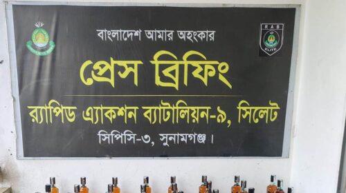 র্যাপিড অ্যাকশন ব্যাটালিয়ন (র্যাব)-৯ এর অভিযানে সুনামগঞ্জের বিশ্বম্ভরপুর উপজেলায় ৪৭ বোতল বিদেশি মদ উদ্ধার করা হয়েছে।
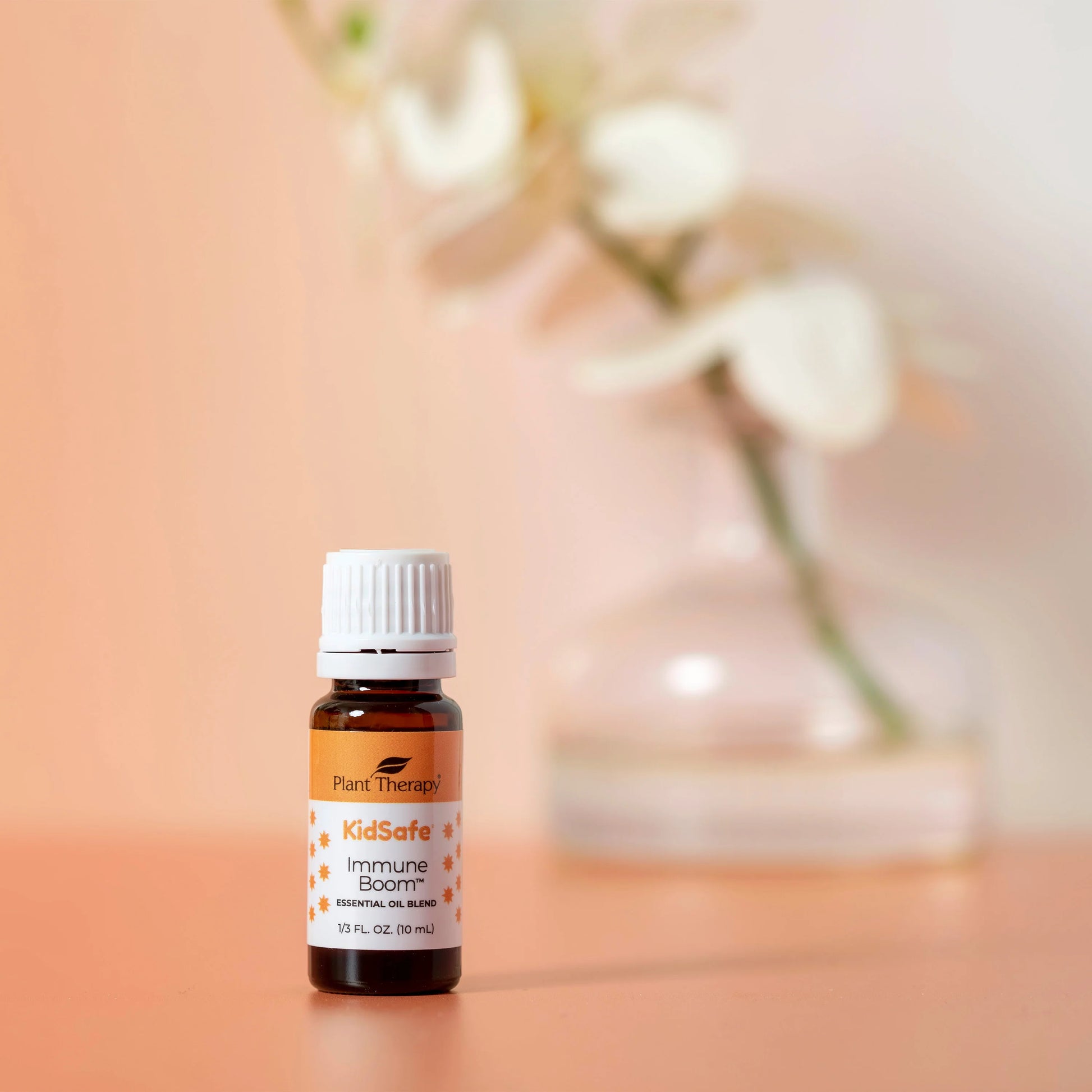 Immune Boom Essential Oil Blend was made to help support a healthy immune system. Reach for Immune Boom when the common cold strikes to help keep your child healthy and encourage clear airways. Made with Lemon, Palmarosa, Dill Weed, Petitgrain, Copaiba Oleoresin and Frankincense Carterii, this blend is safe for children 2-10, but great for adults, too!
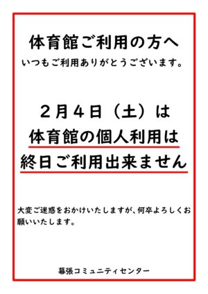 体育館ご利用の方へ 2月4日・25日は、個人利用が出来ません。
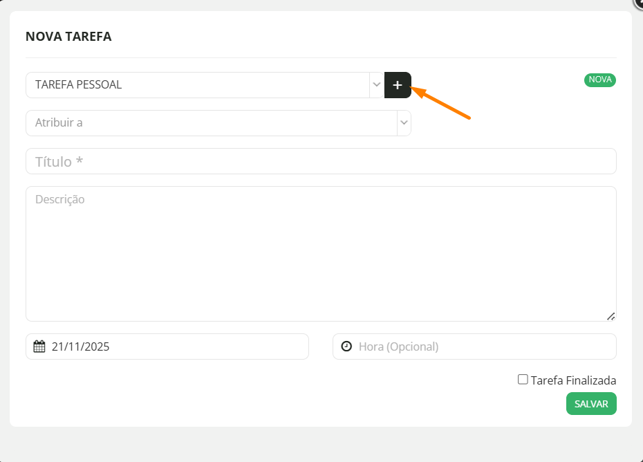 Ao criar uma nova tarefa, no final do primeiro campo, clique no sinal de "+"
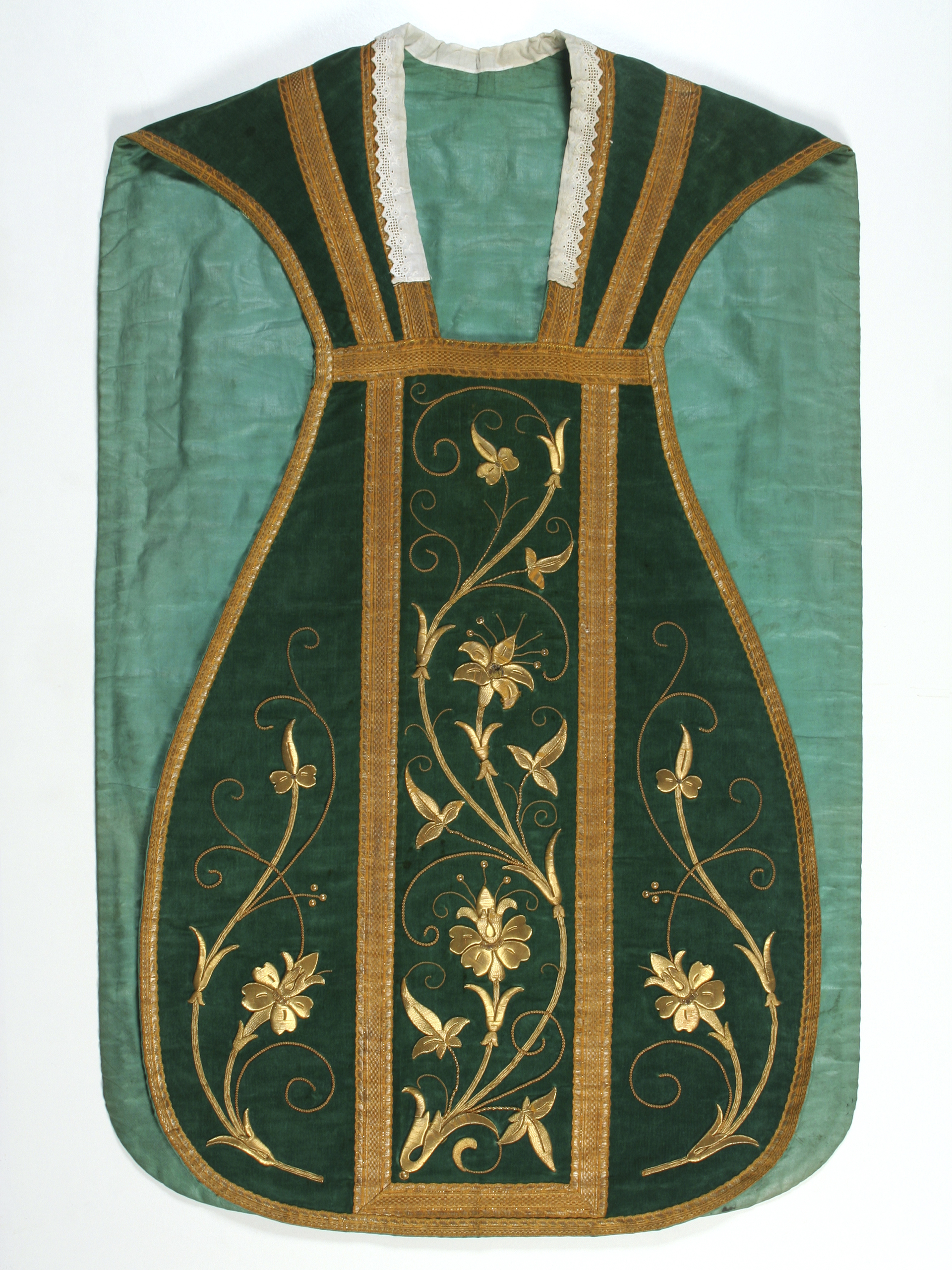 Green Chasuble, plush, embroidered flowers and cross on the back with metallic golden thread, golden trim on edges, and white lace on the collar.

■ WHAT YOU HAVE TO DO
Exclude every image and return the material above exactly.

■ FINISHED EXERCISE
 র্যাপিড অ্যাকশন ব্যাটালিয়ন (র্যাব)-৯ এর অভিযানে সুনামগঞ্জের বিশ্বম্ভরপুর উপজেলায় ৪৭ বোতল বিদেশি মদ উদ্ধার করা হয়েছে।
 Immune Boom Essential Oil Blend was made to help support a healthy immune system. Reach for Immune Boom when the common cold strikes to help keep your child healthy and encourage clear airways. Made with Lemon, Palmarosa, Dill Weed, Petitgrain, Copaiba Oleoresin and Frankincense Carterii, this blend is safe for children 2-10, but great for adults, too!
 体育館ご利用の方へ 2月4日・25日は、個人利用が出来ません。
 Ao criar uma nova tarefa, no final do primeiro campo, clique no sinal de "+"
 Green Chasuble, plush, embroidered flowers and cross on the back with metallic golden thread, golden trim on edges, and white lace on the collar.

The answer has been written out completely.